The real problem underlying games like WoW is that they're poorly designed. Players want to experience game content and have fun with their friends, but the leveling mechanic makes this difficult. People level at different rates, and the power differential alienates individuals that may have started playing together, as one can no longer keep up with the other. Players power through to the level cap, because of a prevailing misconception that the game starts at the end, and so the leveling curve is getting increasingly shorter. To facilitate this, and to help new players who can't find other players to experience low-level content, the Dungeon Finder was created. However, it's been co-opted by the same mentality that the game doesn't start until the end, and so again, you get players running dungeon after dungeon just to get to max level, max badges etc. It's all part of the same treadmill that PVE games create: you run dungeons to power-level, then you run more dungeons to get better gear, so you can run more dungeons to get even better gear ad infinitum.

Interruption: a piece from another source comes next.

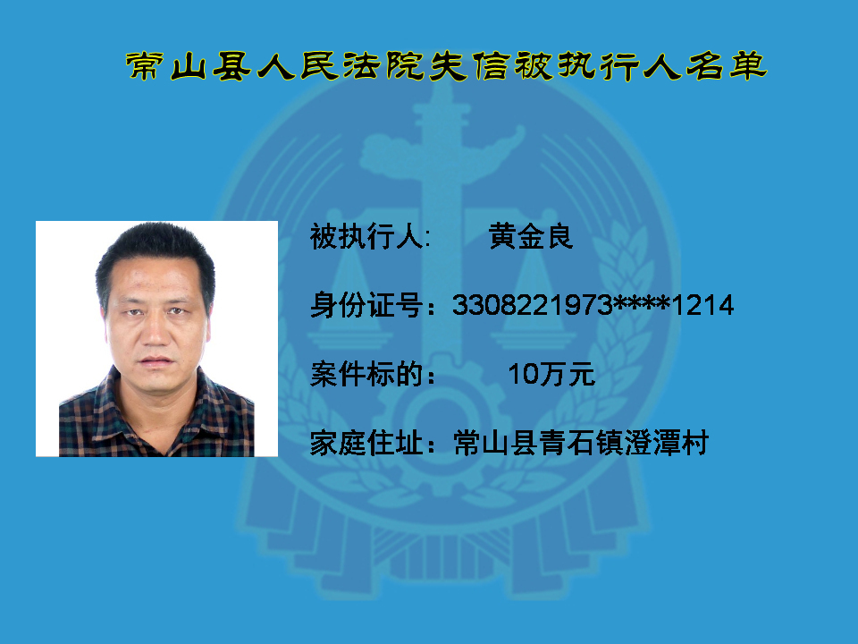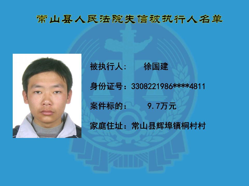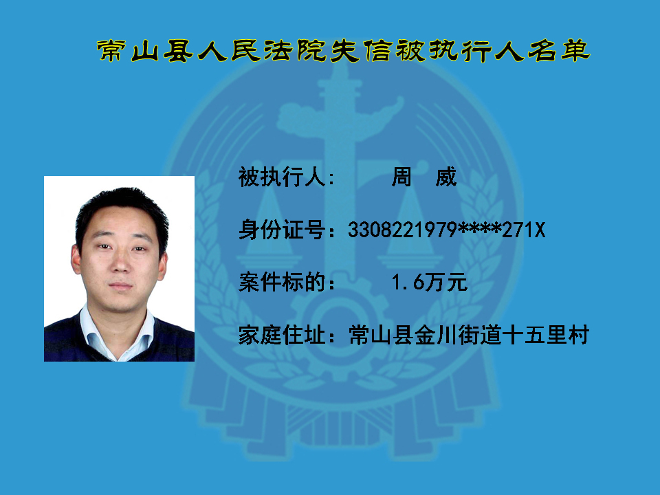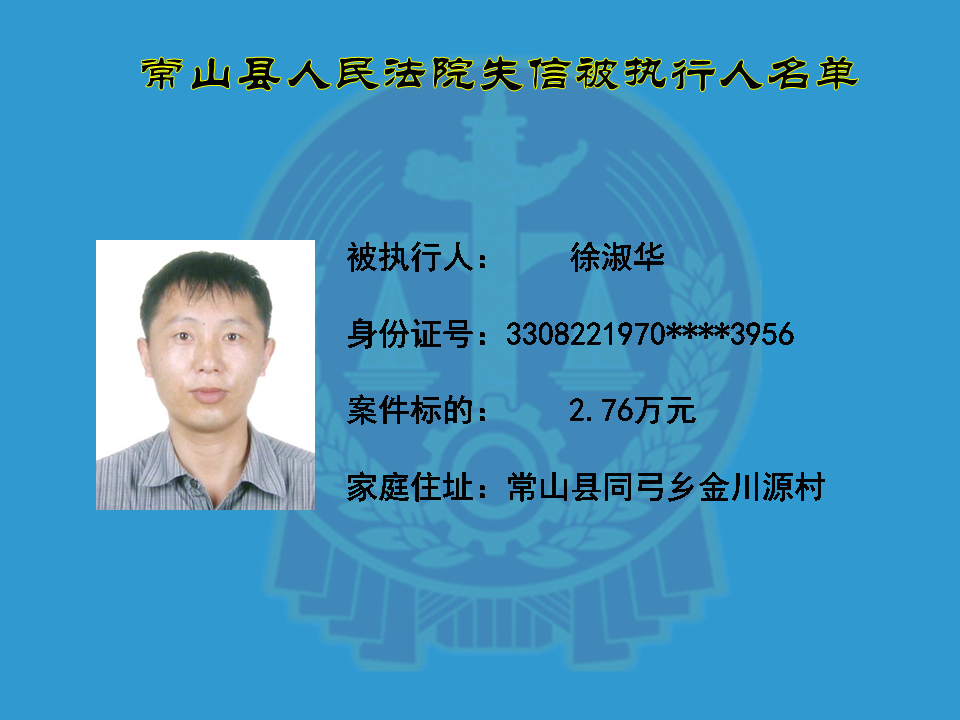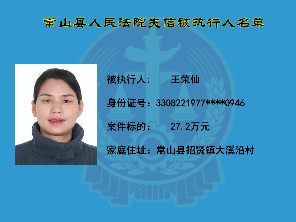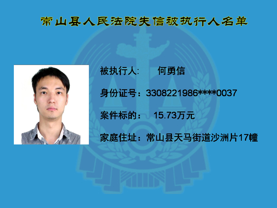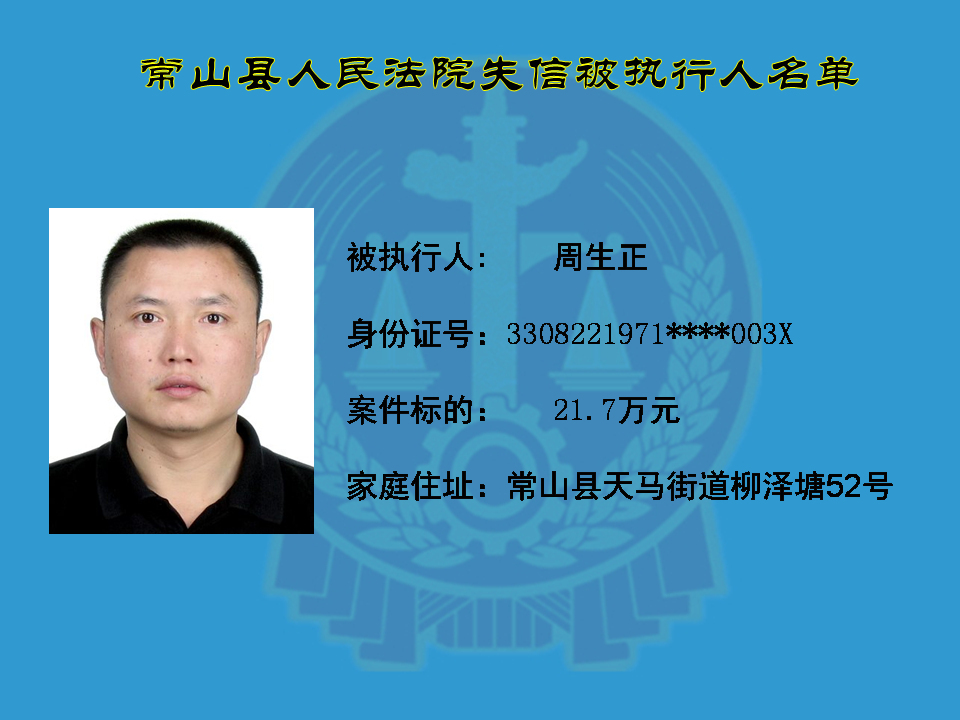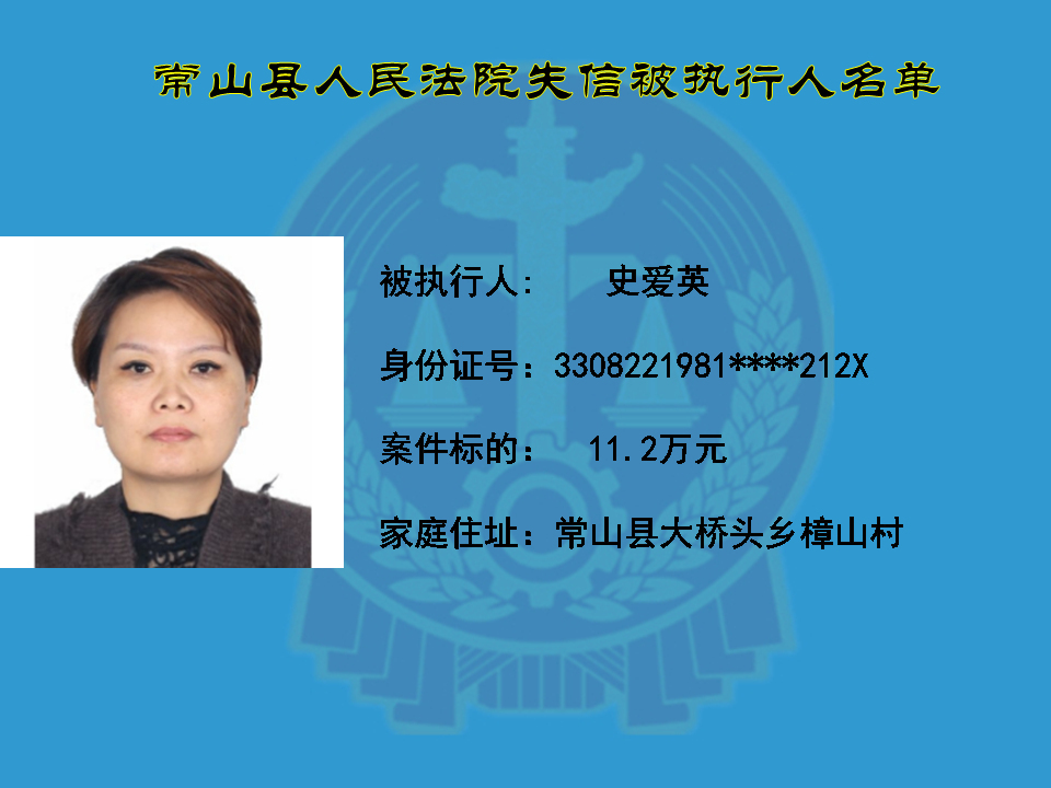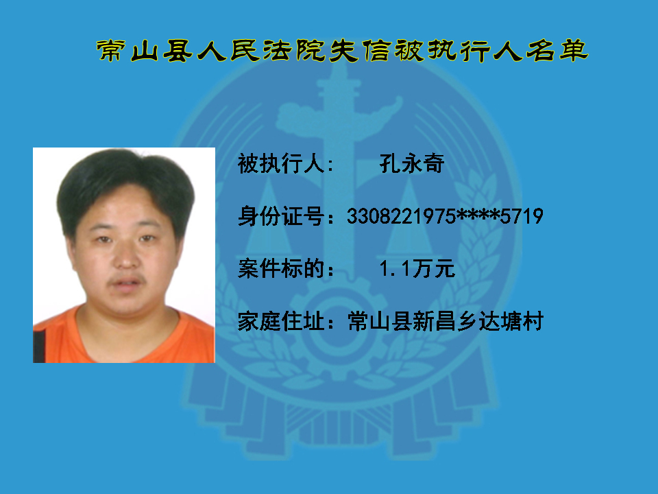 为维护司法权威,保护申请执行人的合法权益,使有履行能力但拒不执行法院生效裁判义务的失信被执行人受到信用惩戒。根据《中华人民共和国民事诉讼法》及相关法律的规定,常山县人民法院对下列失信被执行人进行曝光,希望知情人积极举报下列人员及其财产线索。

It's the commercialisation of virtual space. MMOs started off as virtual worlds where people could escape and live out a fantasy. As they've evolved, they've become more and more commercial, and more and more sinister. What's the difference between a perpetually growing economy in which people have to keep spending on items that break, to fuel a chain of consumption, and a system in which the only goal is to get gear, so you can kill higher-level monsters, to get better gear? I'll tell you what they both have in common: they generate huge amounts of money at the cost of the individual, and they're both unsustainable in the long run. In terms of an economy, resources will eventually run out. In terms of a game, the demands on the developer, and the extraordinary cost and complexity of churning out expansion after expansion, ultimately undermine the whole point of the exercise. Even now, the WoW playerbase is consuming content so fast that Blizzard has stated they will decrease the time between expansions, but there's a finite limit to the speed at which a quality product can be produced.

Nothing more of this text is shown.